Wednesday, October 13, 2010

Dust in the Wind

"All we do
Crumbles to the ground, though we refuse to see".
 (Kansas, "Dust in the wind")


There once was a town called Gary, Indiana.

Founded by the US Steel in 1906, its population reached a peak of 178,320 (*), in 1960 and its health depended on US Steel's profits.

With greater opening to international trade, American manufacturers increasingly lost profitability and layoffs became generalized.

The unionized labour force, mostly white, migrated to areas where better employment opportunities still existed, just to find that these opportunities often disappeared.

By 2000, Gary's population had been reduced to 102,746 (*) [with 95,920 (*) estimated for 2008], predominantly black and impoverished [83.2% of the total (**)].

Paul Mason, from BBC, reports here what became of Gary, Indiana. More  images of Gary can be found at the "Gary, Indiana, Ghost Town" web page.

From an Australian perspective, Gary's fate, however tragic, may look as something remote, utterly alien, unrelated to us.

Still, this may be the shape of things to come, not only for us in Australia, but for humankind.

(*) Gary, Indiana.
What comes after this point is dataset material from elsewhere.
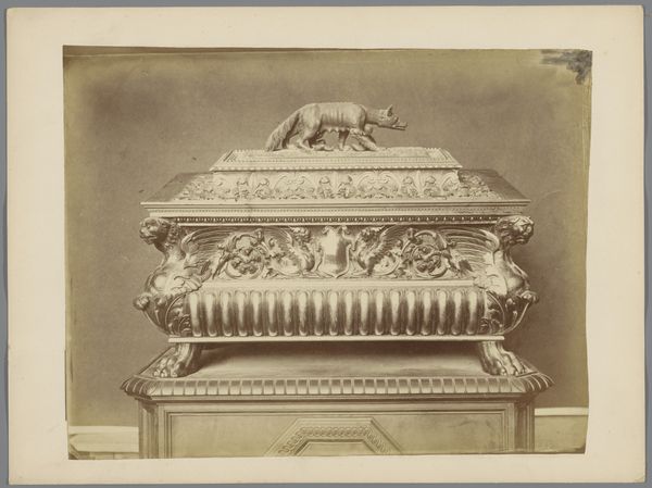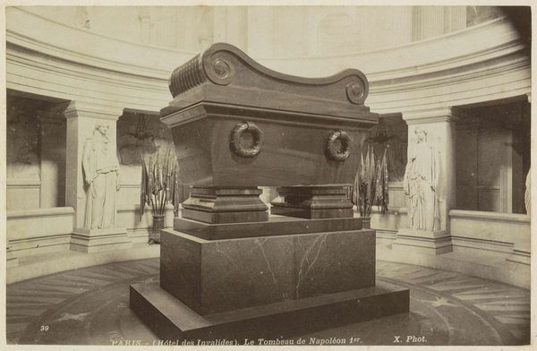 Editor: This is "Graf van Napoleon in de Dôme des Invalides," a photograph taken sometime between 1890 and 1898, credited to L.P. It depicts Napoleon’s tomb. It feels so staged and monumental. What do you see in this piece? Curator: Oh, staged is definitely the word! This photograph captures not just a tomb, but a carefully constructed stage for memory. The grand scale is striking, but to me, it's less about the man himself and more about the myth that France built around him. Did they really need to put 'Moscow' on the floor around his tomb?! Editor: Good point! What’s with the wreaths on the tomb, framing Napoleon like that? Curator: I wonder if they represent both victory and defeat… Laurel wreaths turned to stone, an eternal echo. It is quite something how photography captures that moment, but perhaps more fascinating is how it translates sculpture to image, almost distilling the myth even further! You can sense the weight of history bearing down, can't you? I'd be so curious to feel that space. What do you think about this space that seems so imposing yet also strangely silent? Editor: Yeah, absolutely, there's this stillness despite all the visual pomp. Maybe it's the black and white; the limited palette quiets the grandeur somehow. I guess it invites you to reflect, to meditate on power and legacy, in a way a brightly colored painting might not. Curator: Precisely. It makes one think about who controls the narrative. Even in death, Napoleon is being presented to us in a very particular way. It leaves you questioning, doesn’t it? Editor: Definitely. Thanks! I’m glad to get your insights on it; I didn’t see half of that initially! Curator: It’s a pleasure! It's always a layered experience when the man became the myth.

Wikipedia
(**) Gary City, Indiana - Fact Sheet. US Census Bureau, 2006-2008 American Community Survey.

2 comments:

  1. Yep.

    It has a kind of post apocalyptic quality to it.

    By the way, the notion of economic base is explained reasonably well here:

    Economic Base analysis
    http://en.wikipedia.org/wiki/Economic_base

    It's not super high brow in terms of mathematical/statistical apparatus, but it works reasonably well, unlike most of those highly sophisticated models.